Stored data:
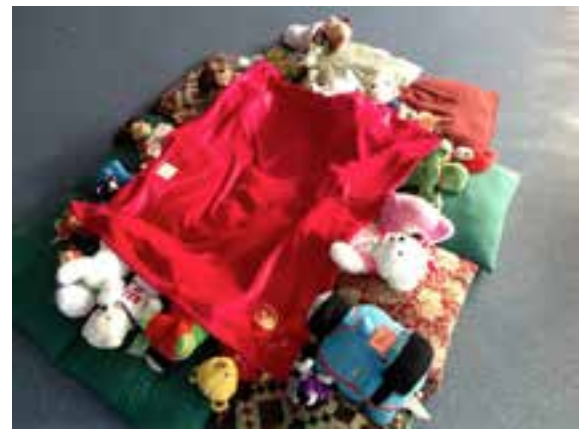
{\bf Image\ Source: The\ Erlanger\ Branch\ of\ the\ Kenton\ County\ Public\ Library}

* * *

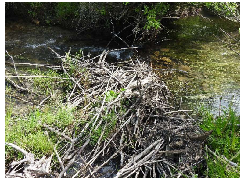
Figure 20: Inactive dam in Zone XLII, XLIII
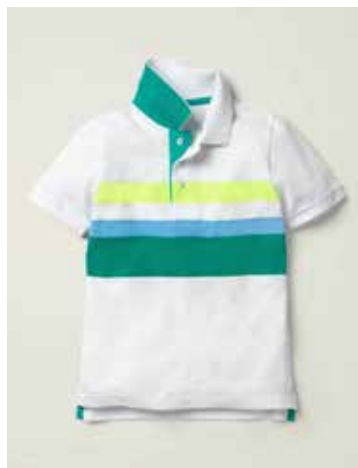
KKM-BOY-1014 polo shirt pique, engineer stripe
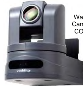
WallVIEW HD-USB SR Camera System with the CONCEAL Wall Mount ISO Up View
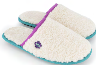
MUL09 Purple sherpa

Problem: Repeat exactly the lines above, beginning at the one containing "WallVIEW HD-USB SR" and ending at the one containing "MUL09 Purple sherpa". Do not carry over any pictures.

Finished exercise:
WallVIEW HD-USB SR Camera System with the CONCEAL Wall Mount ISO Up View
MUL09 Purple sherpa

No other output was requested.